== Exercise data ==

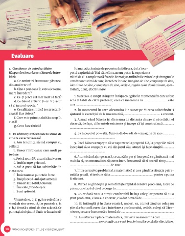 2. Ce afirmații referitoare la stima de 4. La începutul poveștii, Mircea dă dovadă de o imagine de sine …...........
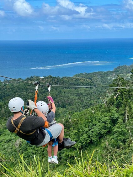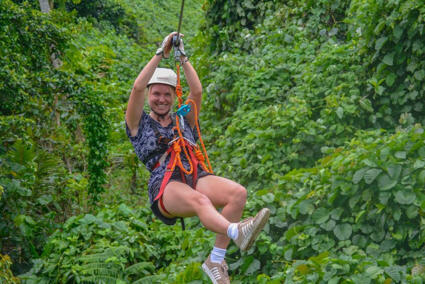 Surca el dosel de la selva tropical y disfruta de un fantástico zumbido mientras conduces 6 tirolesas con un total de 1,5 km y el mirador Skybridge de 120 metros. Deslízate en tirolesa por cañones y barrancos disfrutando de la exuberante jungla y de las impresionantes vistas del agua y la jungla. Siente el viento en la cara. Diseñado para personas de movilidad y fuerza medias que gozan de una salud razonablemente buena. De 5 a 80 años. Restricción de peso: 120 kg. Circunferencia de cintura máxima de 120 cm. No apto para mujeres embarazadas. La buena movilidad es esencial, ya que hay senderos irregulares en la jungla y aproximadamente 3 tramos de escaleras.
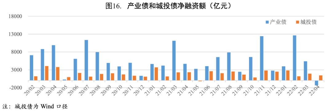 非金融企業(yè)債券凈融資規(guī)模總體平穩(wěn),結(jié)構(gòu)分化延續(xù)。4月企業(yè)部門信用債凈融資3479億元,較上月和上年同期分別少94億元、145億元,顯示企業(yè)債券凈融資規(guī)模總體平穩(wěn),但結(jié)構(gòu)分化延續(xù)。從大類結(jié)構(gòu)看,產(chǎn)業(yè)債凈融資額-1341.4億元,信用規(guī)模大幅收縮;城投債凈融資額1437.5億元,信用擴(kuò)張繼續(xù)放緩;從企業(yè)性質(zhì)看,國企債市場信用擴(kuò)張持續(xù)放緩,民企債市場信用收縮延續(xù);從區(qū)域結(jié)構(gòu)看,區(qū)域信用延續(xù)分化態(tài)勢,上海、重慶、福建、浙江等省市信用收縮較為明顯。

===

## Task statement
Transcribe each line above verbatim, with the pictures left out.

## Your solution
 2. Ce afirmații referitoare la stima de 4. La începutul poveștii, Mircea dă dovadă de o imagine de sine …...........
 Surca el dosel de la selva tropical y disfruta de un fantástico zumbido mientras conduces 6 tirolesas con un total de 1,5 km y el mirador Skybridge de 120 metros. Deslízate en tirolesa por cañones y barrancos disfrutando de la exuberante jungla y de las impresionantes vistas del agua y la jungla. Siente el viento en la cara. Diseñado para personas de movilidad y fuerza medias que gozan de una salud razonablemente buena. De 5 a 80 años. Restricción de peso: 120 kg. Circunferencia de cintura máxima de 120 cm. No apto para mujeres embarazadas. La buena movilidad es esencial, ya que hay senderos irregulares en la jungla y aproximadamente 3 tramos de escaleras.
 非金融企業(yè)債券凈融資規(guī)模總體平穩(wěn),結(jié)構(gòu)分化延續(xù)。4月企業(yè)部門信用債凈融資3479億元,較上月和上年同期分別少94億元、145億元,顯示企業(yè)債券凈融資規(guī)模總體平穩(wěn),但結(jié)構(gòu)分化延續(xù)。從大類結(jié)構(gòu)看,產(chǎn)業(yè)債凈融資額-1341.4億元,信用規(guī)模大幅收縮;城投債凈融資額1437.5億元,信用擴(kuò)張繼續(xù)放緩;從企業(yè)性質(zhì)看,國企債市場信用擴(kuò)張持續(xù)放緩,民企債市場信用收縮延續(xù);從區(qū)域結(jié)構(gòu)看,區(qū)域信用延續(xù)分化態(tài)勢,上海、重慶、福建、浙江等省市信用收縮較為明顯。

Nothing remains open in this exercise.